The first two are crucial and if you are taking care of those, the third will most likely be taken care of.
A baby who is hungry for milk will quickly experience their SNS dial up. As they are satiated, either at the breast or through paced bottle feeding (bottle feeding which mimics breastfeeding), their SNS will naturally dial down.
This leads babies to feel sleepy and even fall asleep. This is what is meant to happen.
Scheduling feeds, spacing feeds, or waking a baby after a feed can actually disrupt and inhibit sleep and isn’t recommended by the Possums Approach.
Decoupling a baby’s natural biological process of falling asleep can lead to sleep reversal, where the baby learns they need to fight against what their body is feeling as it naturally seeks sleep.
Dr. Douglas is quick to point out underlying feeding issues can lead to much more frequent waking and marathon feeds which should not be written off as normal.
This is a feeding issue and needs to be addressed so a baby can feel satiated and their SNS can dial down. A consultation with a trained IBCLC is strongly urged if this sounds familiar.
The other reason your baby’s SNS may dial up high is their need for healthy sensory stimulation. This may surprise you if you’ve been watching for ‘tired cues’ that lead you to rush off to get your baby down before their ‘sleep window’ closes.
Babies have an intense need for sensory stimulation and their body physically demands it’s forthcoming.
Many nap-time battles and bedtime marathons may well be avoided if we view our baby’s behavior as them being tired of the same four walls, darkened spaces, or limited sensory stimulation. For example, ask yourself:
- Have you noticed how when your baby is really unsettled, they calm down if you step outside?
- Have you noticed your baby may peacefully fall asleep when out in the pram or carrier but won’t at home?
- Have you noticed your baby yawning and grizzling even though they have just woken up?
This is your baby’s body telling them (and you) they need a change of scenery and some new sensations. Once they get the sensory stimulation they require, their body can start dialing its SNS back down so that rising sleep pressure can do its job.
How do the possums approach look in reality?
It seems fine to talk about a different way of approaching infant sleep, even one that goes against the mainstream advice most parents are given today. But how does it look in the real world?
It looks like you and your baby getting out and about and enjoying life together. Trusting your baby will sleep when their body needs sleep, provided they have their SNS dialed down.
The Possums Approach is not about just ‘waiting it out’ with your baby’s sleep. Instead, it’s working with the natural, biological processes in your baby’s body which means sleep will come more easily without inhibitors.
It’s not a quick, magical fix because it honors and respects the normal patterns of sleep for human infants.
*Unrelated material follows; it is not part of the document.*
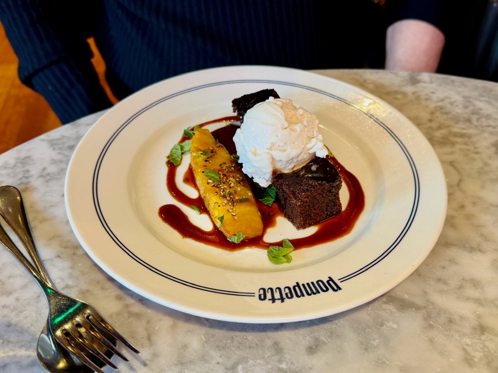 By this point we had polished off a bottle of red that was a new one on me, a Vinsobres from the Rhone Valley. The wine list was absolutely magnificent, and will part you from plenty of money if your resolve weakens for a moment. Our server recommended a handful of reds from Jura’s legendary producer Tony Bornard, and they all sounded right up my alley, but I struggled with spending £100 on one: to Pompette’s credit, most of them are £50 retail so that markup is positively encouraging. But again, our server was superb at navigating us to something more kindly priced – £54, with a more conventional markup – but quite exquisite. We swirled it in huge, fishbowl-like glasses, and enjoyed every drop.

Instead of viewing babies as having ‘sleep problems’, it acknowledges normal sleep behavior.
Obviously, it requires parents to change their mindset and expectations of what their baby’s sleep should look like.
As this approach is so new, it can take time for the ground to be broken and a path paved to get the word out. For more information about the Possums Approach, you can check out the Possums Sleep Film and Workbook which are available on The Possums Clinic website.
This small, not-for-profit organization is doing great things for very tired families and their children. Continuing research, education, and training health professionals will go a long way to ensuring more parents and their babies enjoy better sleep.